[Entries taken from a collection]
_____
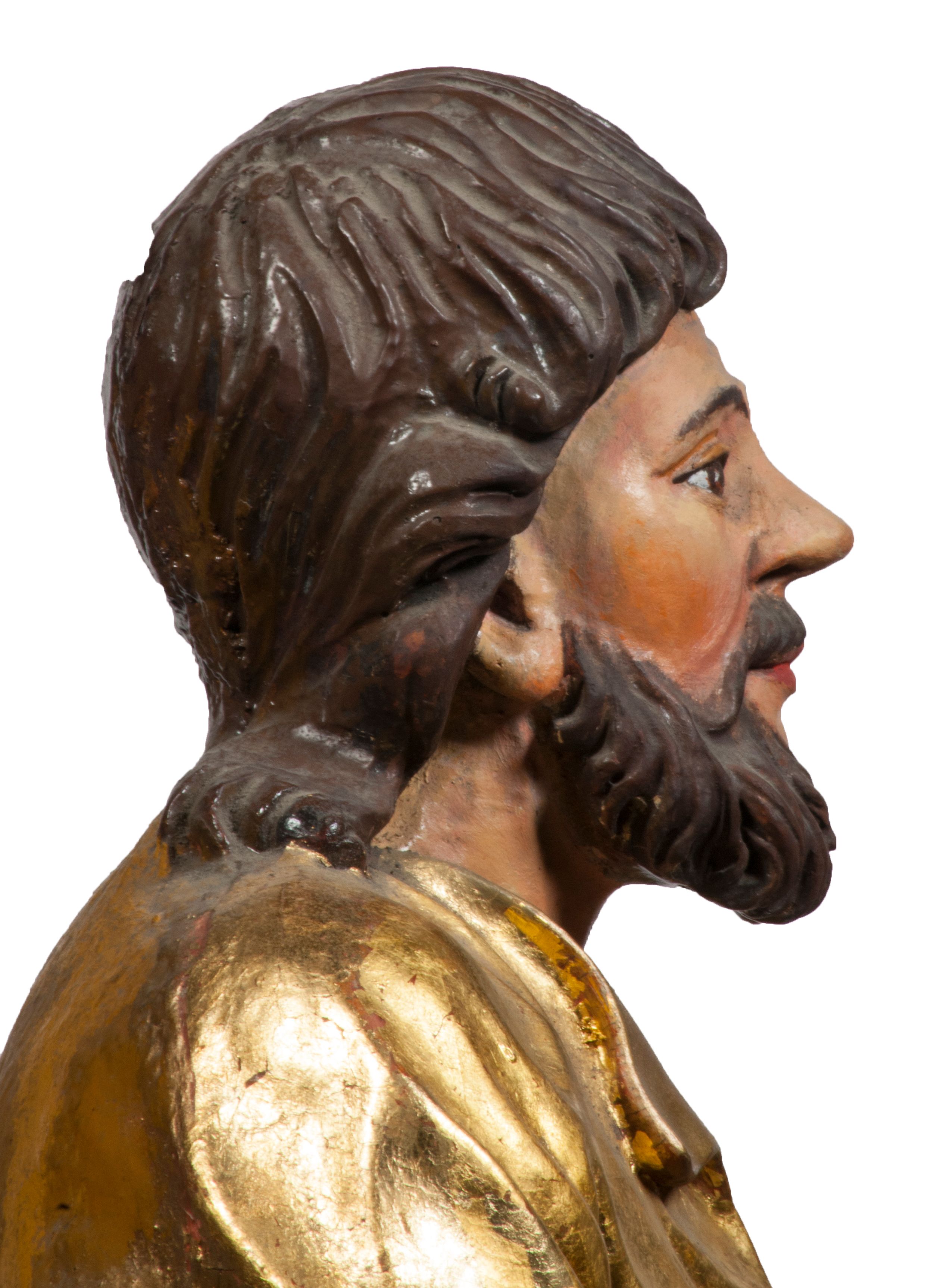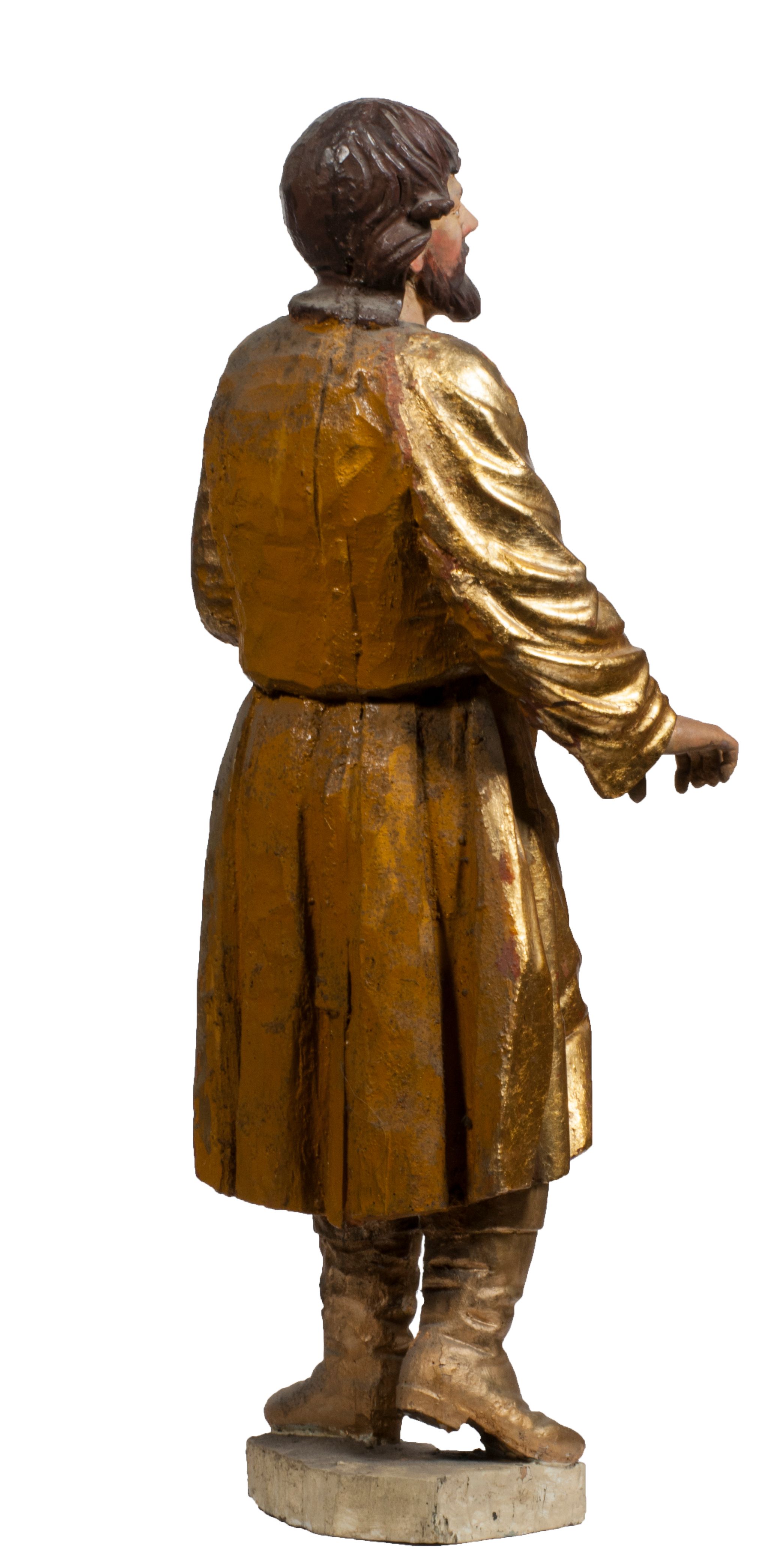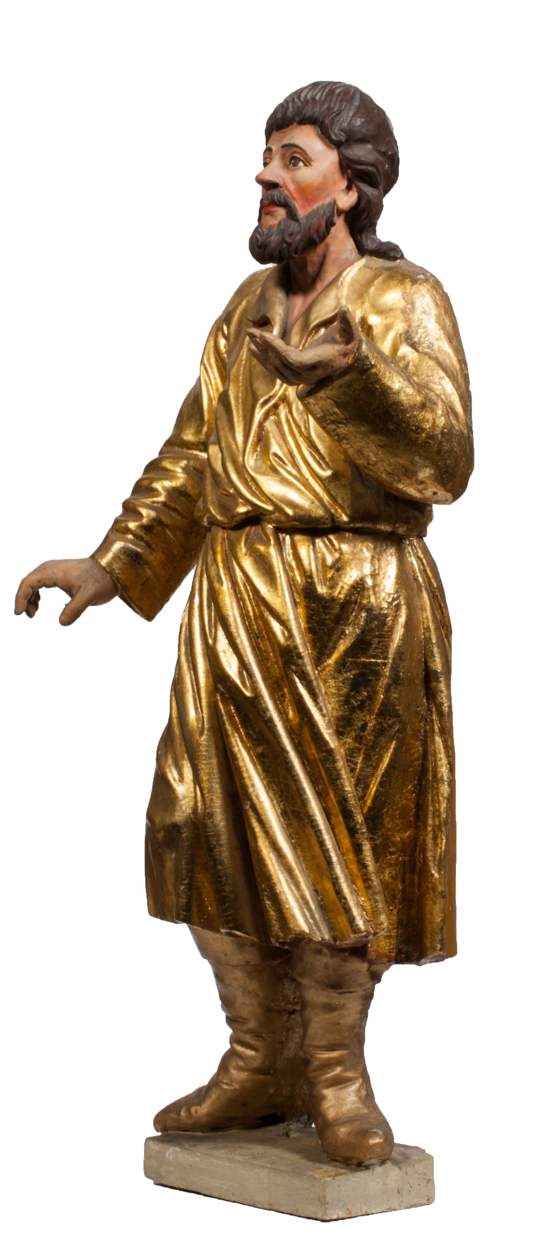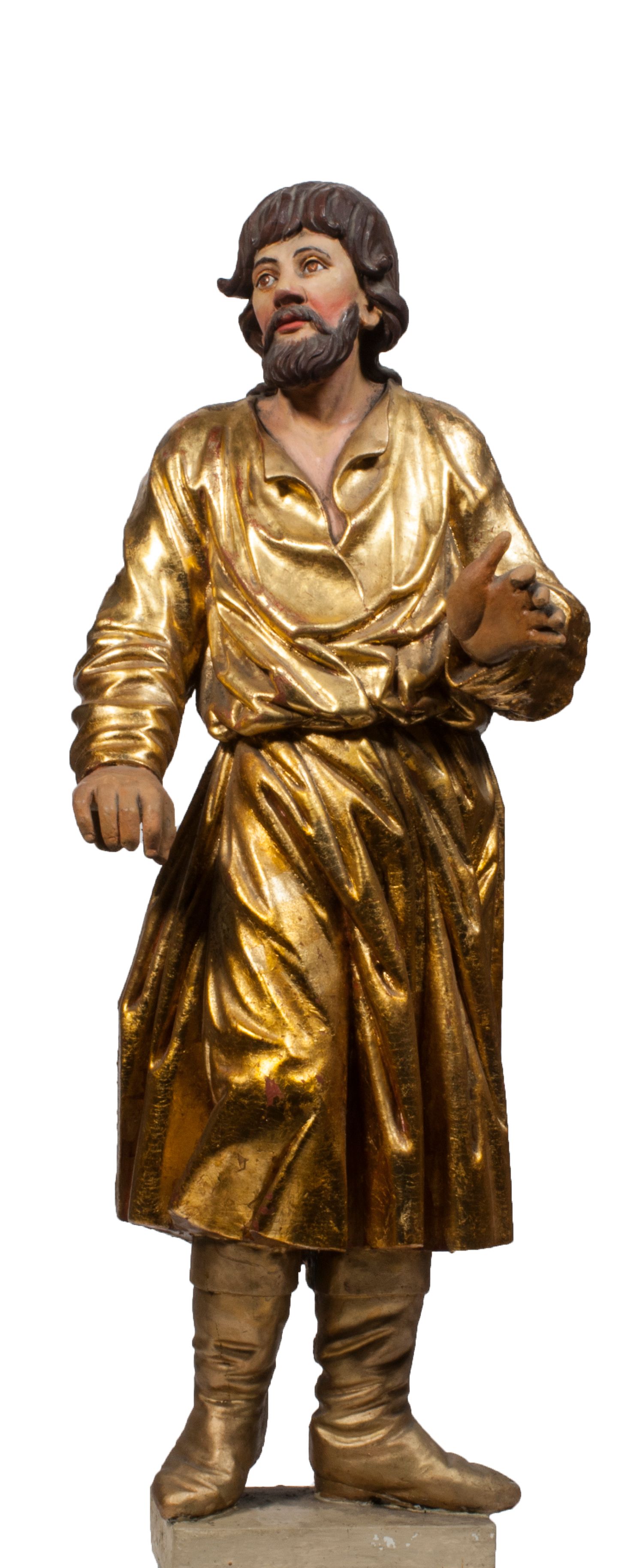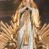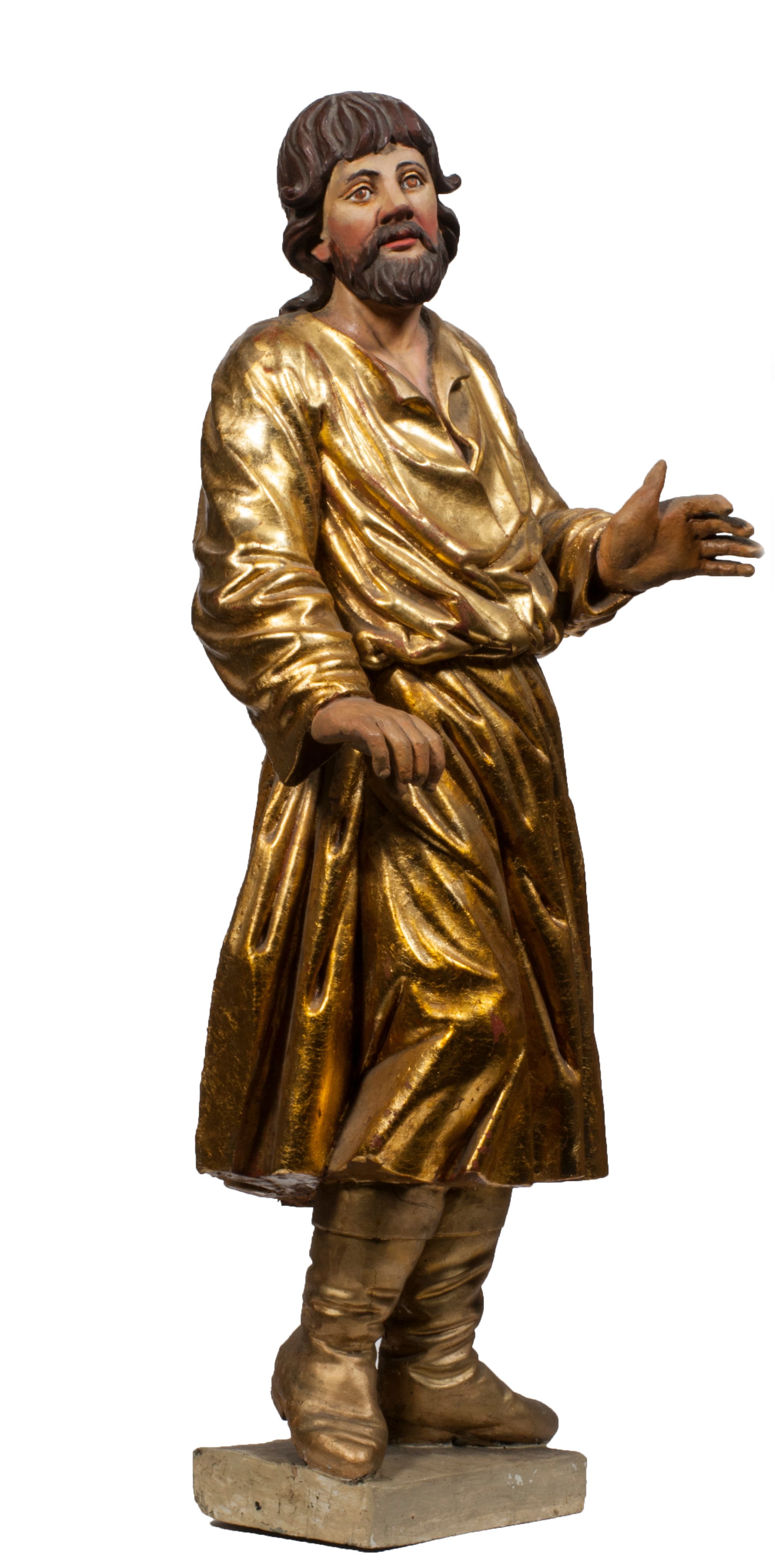 Tabernakulum w formie Arki Przymierza, adorowanej przez dwie klęczące figury starotestamentowego arcykapłana i biskupa oraz dwie stojące postacie lewitów oraz klęczące aniołów, zwieńczonej glorią promienistą z okiem Opatrzności. Wsparte na ośmiu cylindrycznych nóżkach prostopadłościenne tabernakulum jest od frontu podzielone na trzy pola wyznaczone kanelowanymi listwami. Pole środkowe stanowią drzwiczki z rytymi cyframi Dekalogu z ukrzyżowanym Chrystusem, pola boczne z wiązką pałek wodnych z jednej i winnym gronem z drugiej strony. Na skłębionych chmurach z podestem leży Baranek (obecnie w jego miejscu znajduje się figura Matki Boskiej). W tle znacznej wielkości gloria promienista z wieńcem chmur i umieszczonym w nim okiem Opatrzności oraz dwie uskrzydlone główki, nad którymi papieska tiara ze skrzyżowanymi kluczami. Po bokach Baranka dwa klęczące, uskrzydlone nagie aniołki. Obok tabernakulum dwie klęczące postacie z kadzielnicami w rękach. Postać po lewej w stroju biskupim, w albie, stule i kapie oraz infule z dwiema taśmami. Postać po prawej stronie jest ubrany w tradycyjny starotestamentowy strój – efod czyli tunikę i płaszcz wierzchni przepasany na biodrach, pektorał na piersi i zawój na głowie. Za nimi dwaj stojący lewici w tunikach przepasanych na biodrach i wysokich butach. Adorujące Baranka anioły w pozycji klęczącej z rękami skrzyżowanymi na piersi, ze skrzydłami na plecach i nogami w połowie utworzonymi ze skrzydeł.
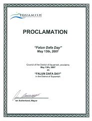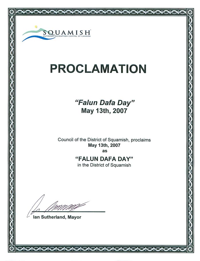 加拿大卑诗省Squamish地区议会宣布二零零七年五月十三日为Squamish地区的“法轮大法日”。
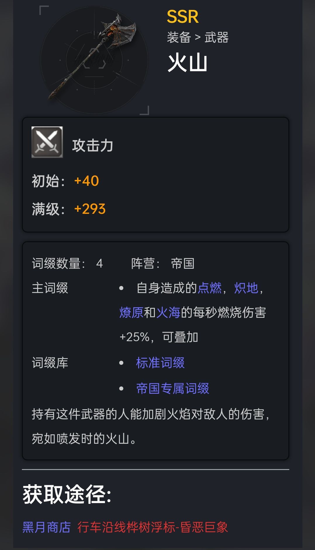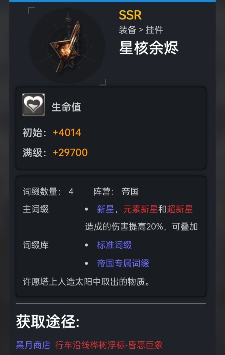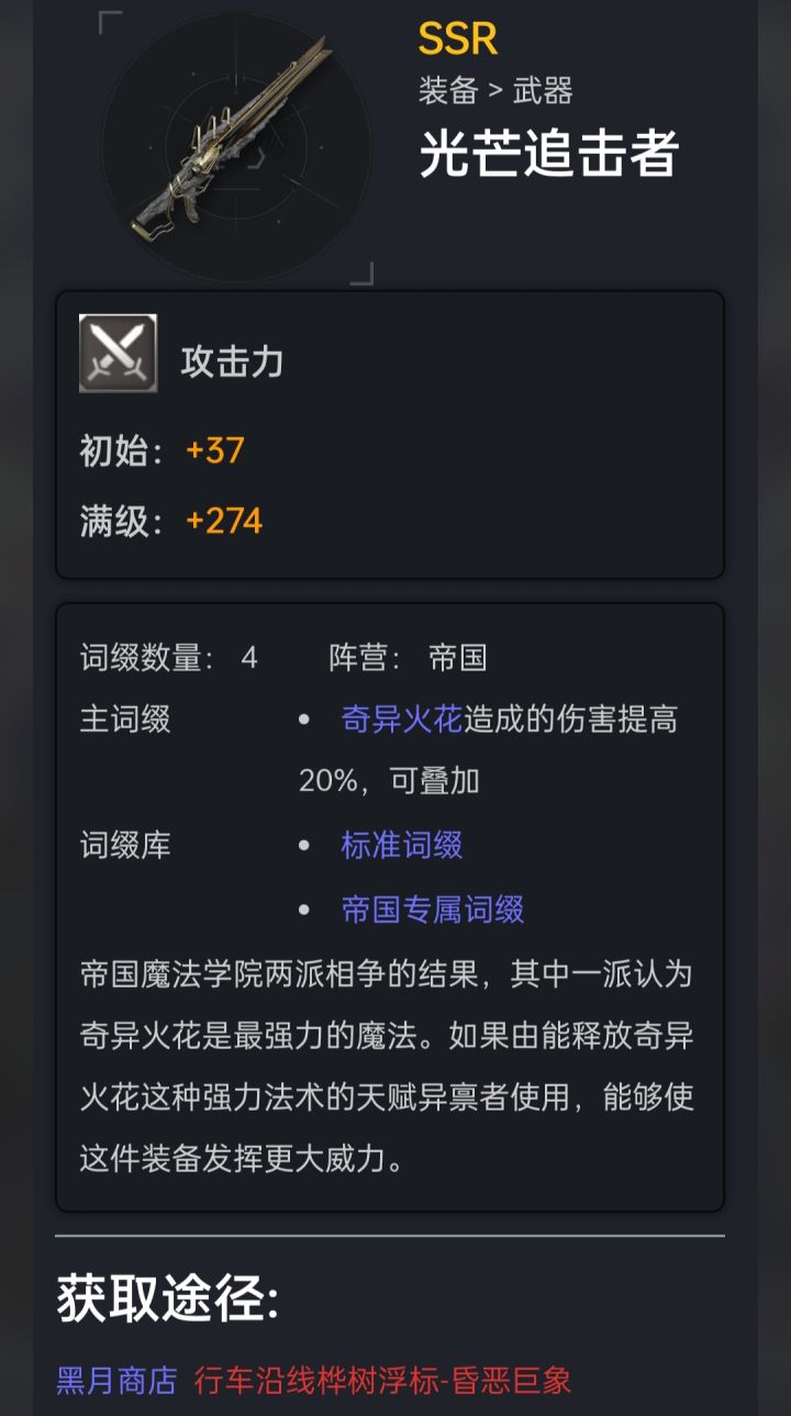 这些装备如果在商店刷出来,一定要买一个,因为平时打紫树,真的真的不一定会给,可能这里面有的装备大家都没注意过,像我星核余烬刷出来就没买,现在很后悔,野心是商店买了一把,所以推荐一下每天沿途遇到的紫树必打优先级:昏恶巨象>尘鸣游磷>鸣爆虫母,建议是遇到就打,因为目前SSR里面,打其他紫树给的装备,还是没有这三个稀有,或者说好,当然可能七弦弓不算,像炽焰侵蚀者,暗夜寻星,北方荆棘什么的我就一把,但其他的装备,包括暗艺比较喜欢的狡诈背叛,不可见之触,·,,严冬,熔岩挺多的。
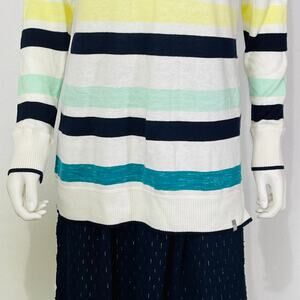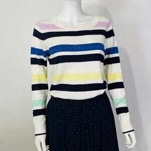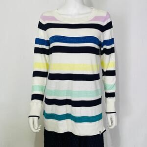 Talbots Sweater Womens Medium White Striped Long Sleeve Soft Stretchy Classic
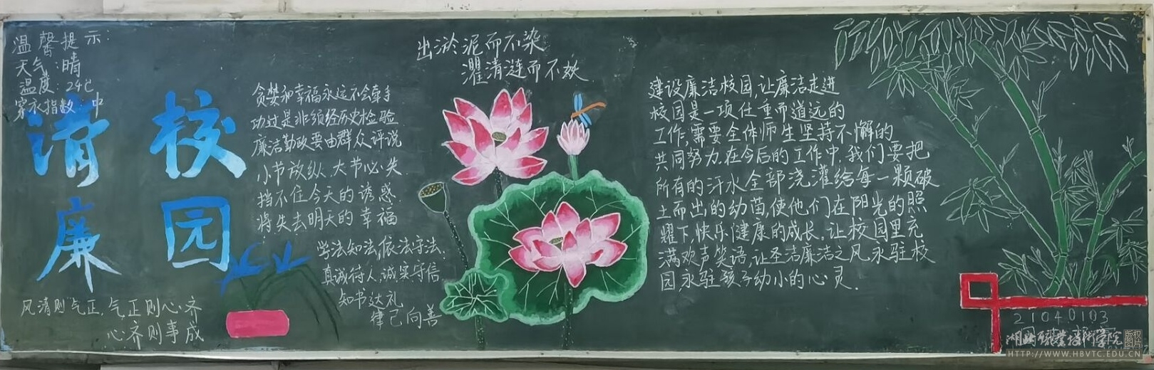 为推进“清廉校园”建设工作落实落地,把清廉教育纳入学生思想政治教育当中来,让廉洁教育贴近实际、贴近生活、贴近学生,营造风清正气的学习和工作环境,2021年9月中旬至10月上旬,beat365vip官网登录入口各班级组织开展“清廉校园”主题板报活动。
_____
## Exercise aim
Copy out only the lines beginning at the line with "Talbots Sweater Womens" and ending at the last line of the entries. Keep them exact; drop pictures.

## Exercise solution
 Talbots Sweater Womens Medium White Striped Long Sleeve Soft Stretchy Classic
 为推进“清廉校园”建设工作落实落地,把清廉教育纳入学生思想政治教育当中来,让廉洁教育贴近实际、贴近生活、贴近学生,营造风清正气的学习和工作环境,2021年9月中旬至10月上旬,beat365vip官网登录入口各班级组织开展“清廉校园”主题板报活动。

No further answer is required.